- _Exercise materials_
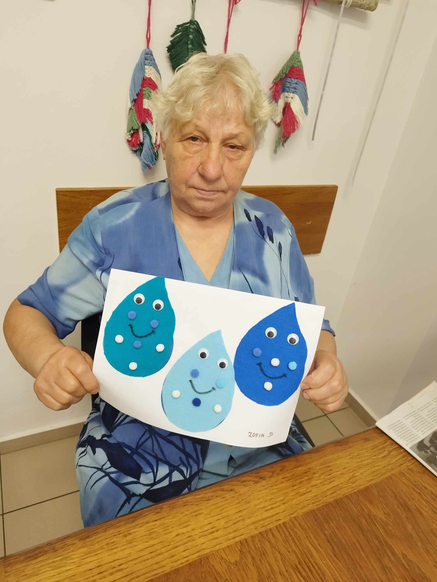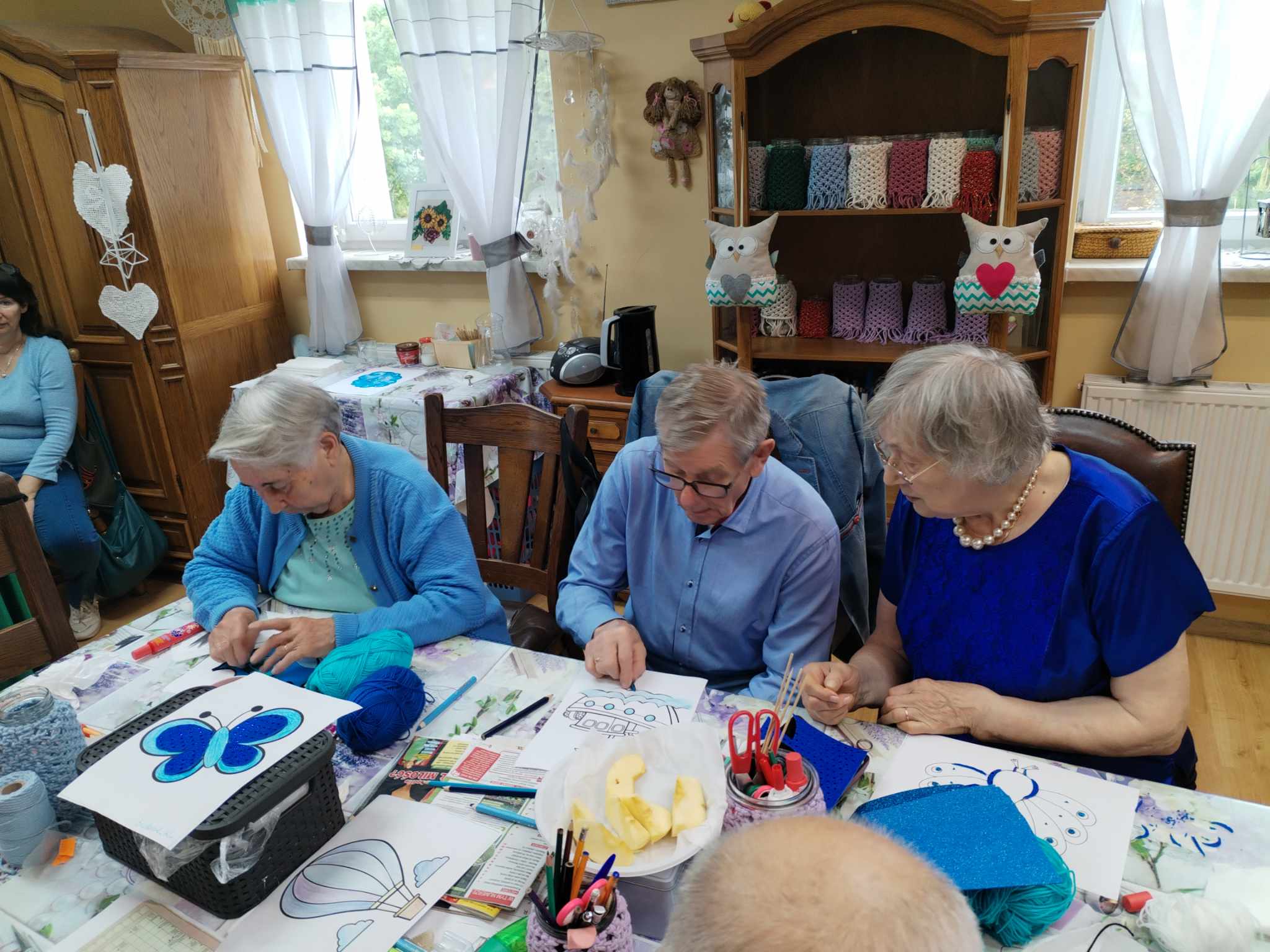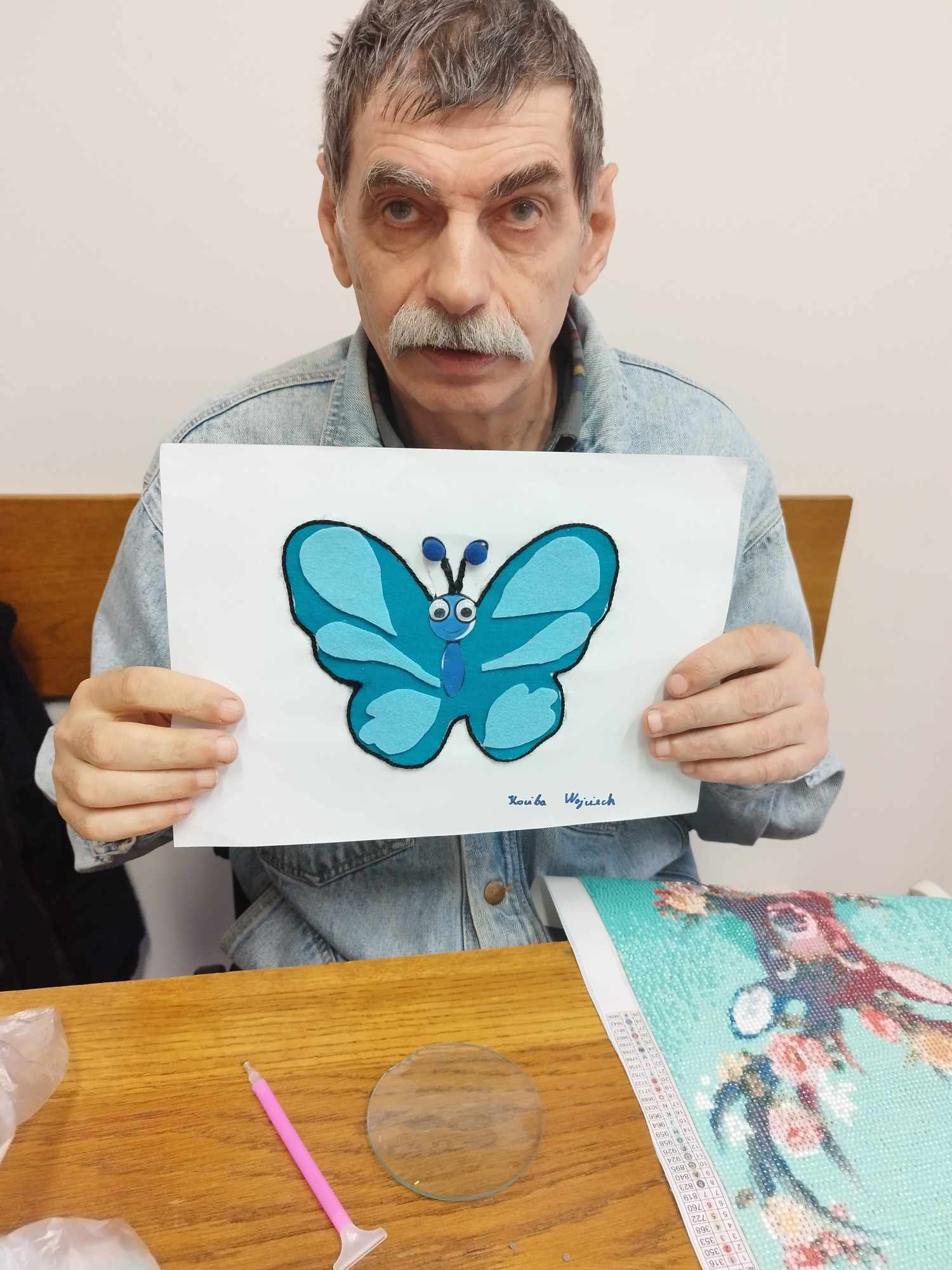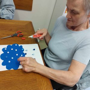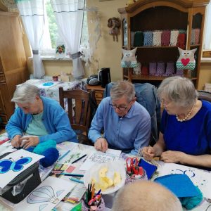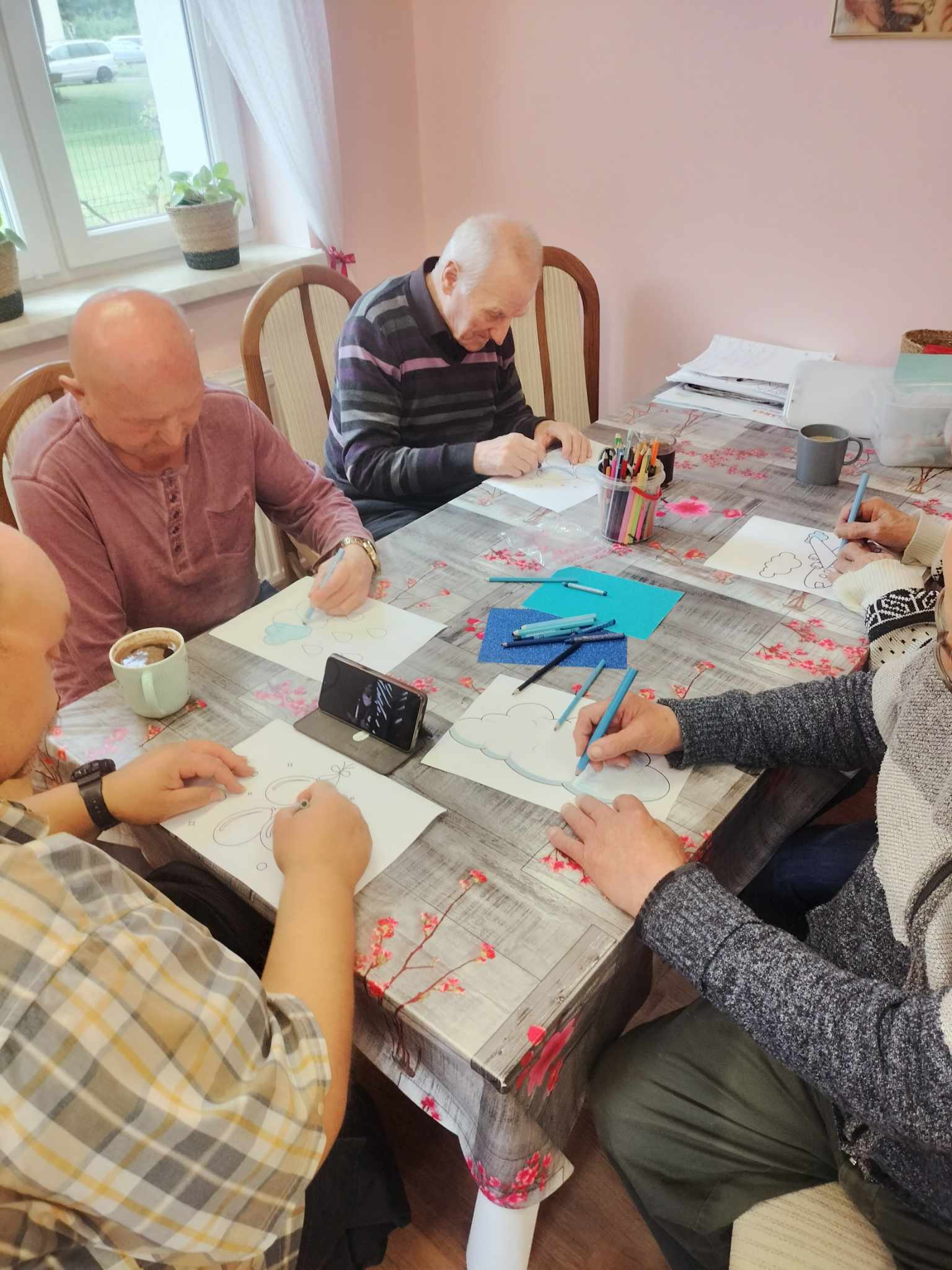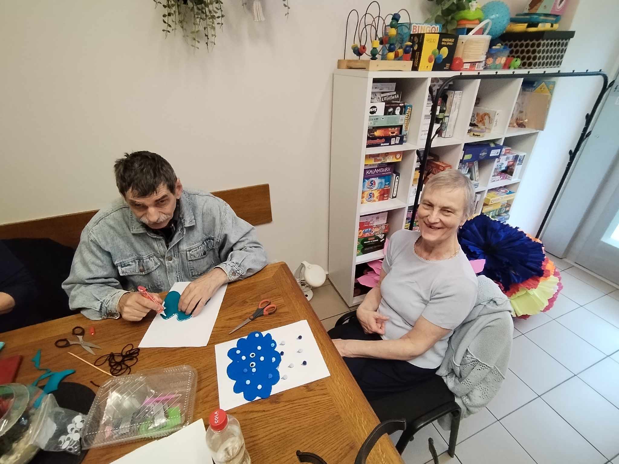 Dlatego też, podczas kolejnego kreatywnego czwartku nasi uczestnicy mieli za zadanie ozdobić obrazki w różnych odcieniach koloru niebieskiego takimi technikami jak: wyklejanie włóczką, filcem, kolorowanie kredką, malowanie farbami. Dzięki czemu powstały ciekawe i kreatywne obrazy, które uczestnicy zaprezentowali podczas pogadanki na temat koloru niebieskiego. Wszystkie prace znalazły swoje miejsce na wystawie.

--

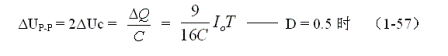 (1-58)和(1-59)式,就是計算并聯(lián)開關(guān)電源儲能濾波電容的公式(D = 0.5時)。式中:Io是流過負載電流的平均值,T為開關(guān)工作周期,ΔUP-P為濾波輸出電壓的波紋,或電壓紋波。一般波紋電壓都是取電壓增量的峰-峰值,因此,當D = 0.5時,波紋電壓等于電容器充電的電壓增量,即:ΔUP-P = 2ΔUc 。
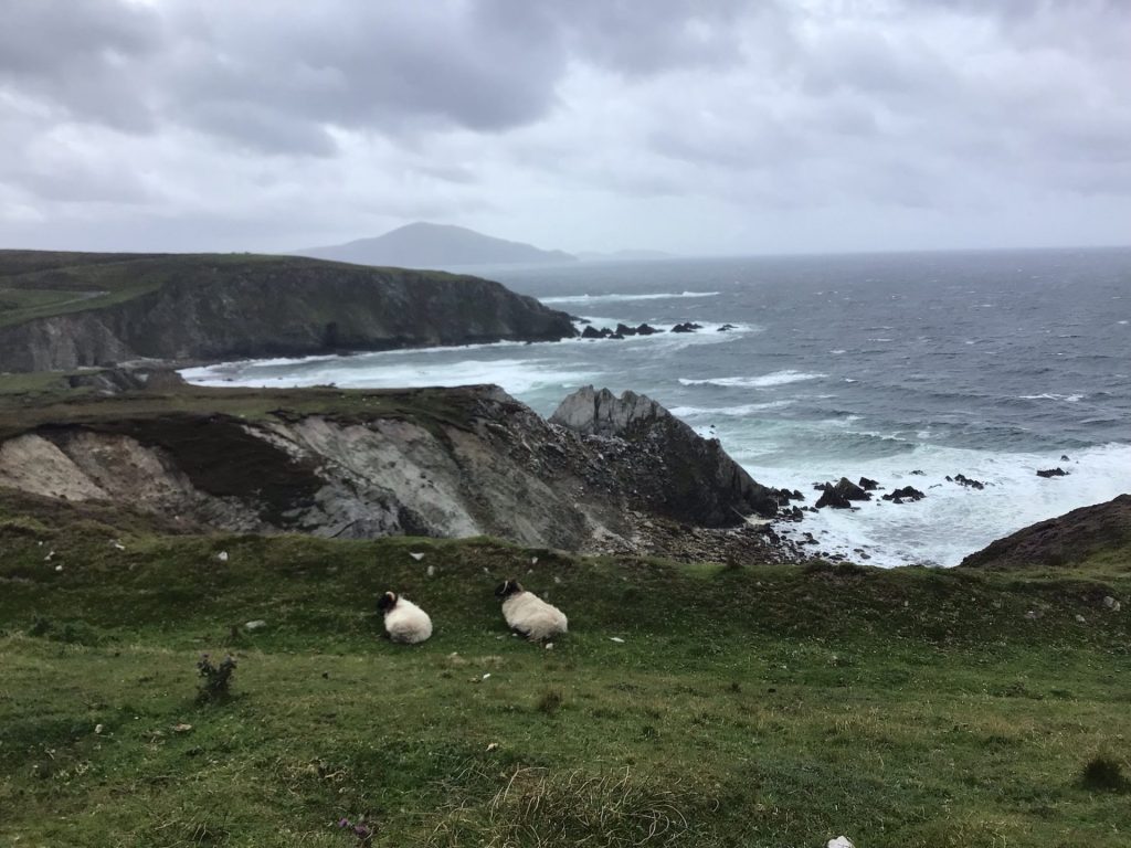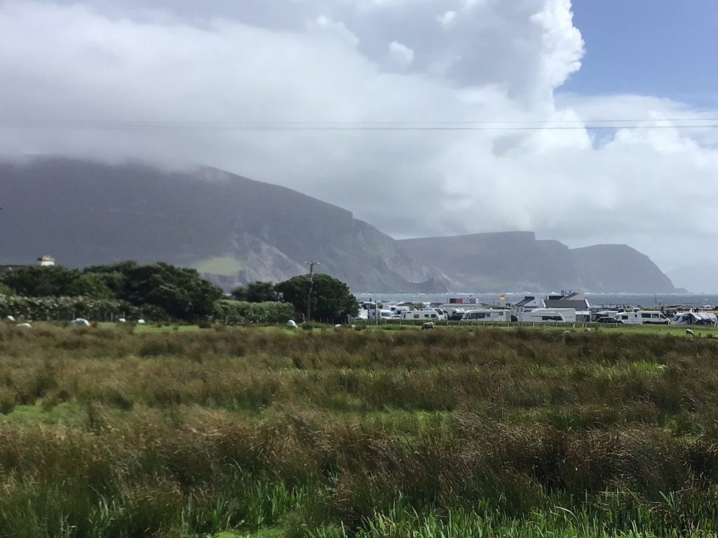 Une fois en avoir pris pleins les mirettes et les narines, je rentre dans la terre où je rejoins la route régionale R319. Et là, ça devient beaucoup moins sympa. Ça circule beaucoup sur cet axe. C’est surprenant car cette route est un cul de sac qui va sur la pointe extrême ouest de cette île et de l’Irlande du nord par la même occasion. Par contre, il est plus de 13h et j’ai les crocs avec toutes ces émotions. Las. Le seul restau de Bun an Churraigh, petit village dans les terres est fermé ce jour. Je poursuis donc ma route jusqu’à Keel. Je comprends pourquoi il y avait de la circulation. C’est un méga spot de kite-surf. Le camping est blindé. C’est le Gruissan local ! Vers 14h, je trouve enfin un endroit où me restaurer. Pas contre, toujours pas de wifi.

- _Task directions_
Would you please repeat only the lines above, beginning at the one that has "0.5時,波紋電壓等于電容器充電的電壓增量,即:ΔUP-P = 2ΔUc 。" and stopping after the one that has "Une fois en", exactly and with no pictures?

- _Answer for the task_
 (1-58)和(1-59)式,就是計算并聯(lián)開關(guān)電源儲能濾波電容的公式(D = 0.5時)。式中:Io是流過負載電流的平均值,T為開關(guān)工作周期,ΔUP-P為濾波輸出電壓的波紋,或電壓紋波。一般波紋電壓都是取電壓增量的峰-峰值,因此,當D = 0.5時,波紋電壓等于電容器充電的電壓增量,即:ΔUP-P = 2ΔUc 。
 Une fois en avoir pris pleins les mirettes et les narines, je rentre dans la terre où je rejoins la route régionale R319. Et là, ça devient beaucoup moins sympa. Ça circule beaucoup sur cet axe. C’est surprenant car cette route est un cul de sac qui va sur la pointe extrême ouest de cette île et de l’Irlande du nord par la même occasion. Par contre, il est plus de 13h et j’ai les crocs avec toutes ces émotions. Las. Le seul restau de Bun an Churraigh, petit village dans les terres est fermé ce jour. Je poursuis donc ma route jusqu’à Keel. Je comprends pourquoi il y avait de la circulation. C’est un méga spot de kite-surf. Le camping est blindé. C’est le Gruissan local ! Vers 14h, je trouve enfin un endroit où me restaurer. Pas contre, toujours pas de wifi.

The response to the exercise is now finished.